Installing LAMMPS globally on Windows with administrator privilege

The installer packages listed above will install LAMMPS into a user's personal storage area and thus it cannot be used by all users. This behavior was changed with the stable release of LAMMPS in October 2020. Installer packages from previous LAMMPS versions and current versions that require administrator privilege to be installed can be found their own download area. The content is otherwise the same, only the packaging is different.

Running LAMMPS on Windows

General Comments

LAMMPS is a text mode program, so you have to click on the Command Prompt entry in the windows start menu, launch the Windows Power Shell, or simply execute the command cmd from Start -> Run. The LAMMPS manual and the colvars reference manual in PDF format are linked from the start men, also references to open the file system browser to view the Benchmarks and Examples directory tree. The PATH environment variable is automatically set by the installer, so that the bundled executables from everywhere in the system. Also the LAMMPS_POTENTIALS environment variable is preset to the folder with the bundled manybody potential files, so they do not need to be copied into the respective working directory.

Serial Execution

To run a LAMMPS simulations please open a console window as outlined above and change to the directory with your input script and then run lmp as described in the LAMMPS manual. For more details and additional command line flags, please check out the LAMMPS Manual.

Multi-threaded Parallel Execution

All LAMMPS binaries from this repository support multi-threading via OpenMP, however by default only one thread is enabled. To enable more threads, e.g. four, you need to either set it at the command line prompt via set OMP_NUM_THREADS=4, via the -pk omp 4 command line flag, or via the package omp 4 command in your input script.

After enabling the use of multiple threads, you also have to select styles in LAMMPS, that are multi-thread enabled.
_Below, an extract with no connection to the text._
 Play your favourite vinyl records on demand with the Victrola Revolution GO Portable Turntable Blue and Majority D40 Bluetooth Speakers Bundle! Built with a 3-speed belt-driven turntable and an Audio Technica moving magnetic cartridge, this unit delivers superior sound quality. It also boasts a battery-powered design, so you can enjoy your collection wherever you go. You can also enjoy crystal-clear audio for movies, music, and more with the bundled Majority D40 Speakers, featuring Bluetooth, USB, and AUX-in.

Those are usually identified by the /omp suffix. Those can be selected explicitly and selectively, or with the suffix command or - most conveniently - via using the -sf omp command line flag to the LAMMPS executable.

Example: lmp -pk omp 4 -sf omp -in in.melt

Message Passing (MPI) Parallel Execution

Only the executable from the LAMMPS-MPI packages supports parallel execution via MPI (which can be combined with OpenMP multi-threading). For that you also need to install a specific version of MPICH2 from Argonne lab linked above. The installer does not contain it and does not check for it. Please note, that you need to download a very specific (and rather old) version of the MPICH package, as this is what LAMMPS was compiled with and the latest available Windows binary version compatible with the GNU compilers used to compile LAMMPS.
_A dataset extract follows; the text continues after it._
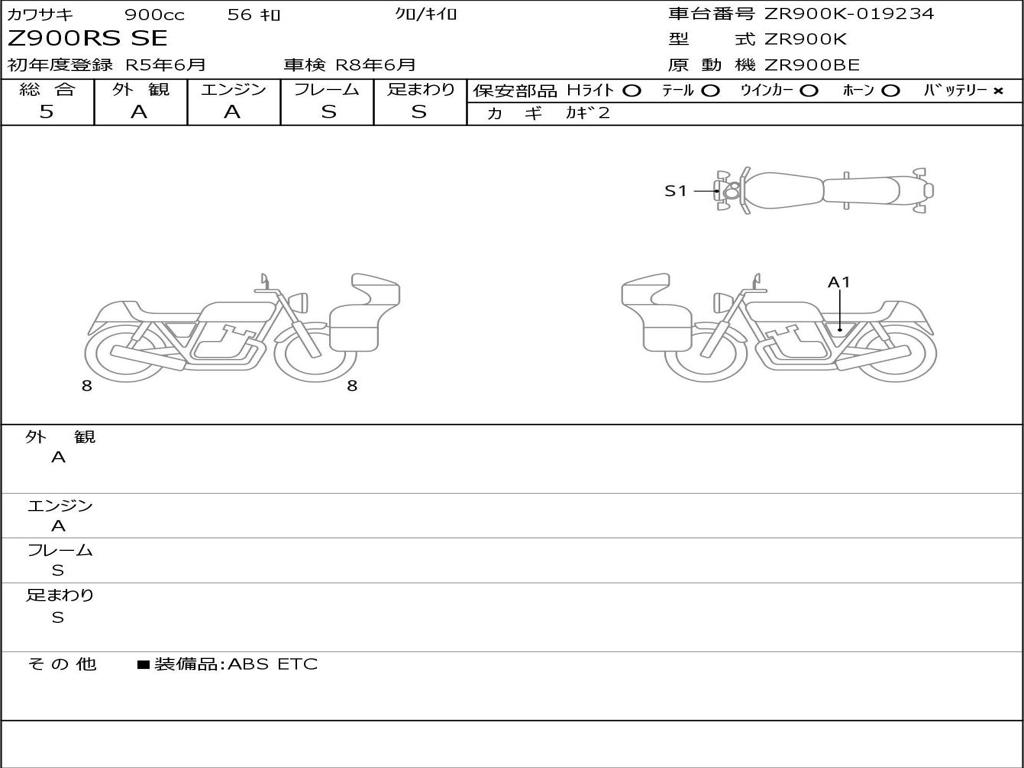 | Номер рамы / VIN | ZR900K-019234 |

After the installation of the MPICH software, it needs to be integrated into the system. For this you need to start a Command Prompt in Administrator Mode (right click on the icon and select it). Change into the MPICH2 installation directory, then into the subdirectory bin and execute smpd.exe -install.

MPI parallel executables have to be launched with mpiexec -localonly # lmp ... or mpiexec -np # lmp ... with "#" being then number of parallel processes to start. For the latter you may be asked for your password.

Known Issues: while running in MPI parallel mode any output to the screen is block buffered and not line buffered as usual. That is, output will not show up immediately, but only after a certain amount of output has accumulated. This is done for efficiency reasons. Multi-threaded parallel or serial runs are not affected. Also when running under mpiexec, you should not use multi-threading since MPICH restricts processes to a single physical CPU thus it will run less efficient.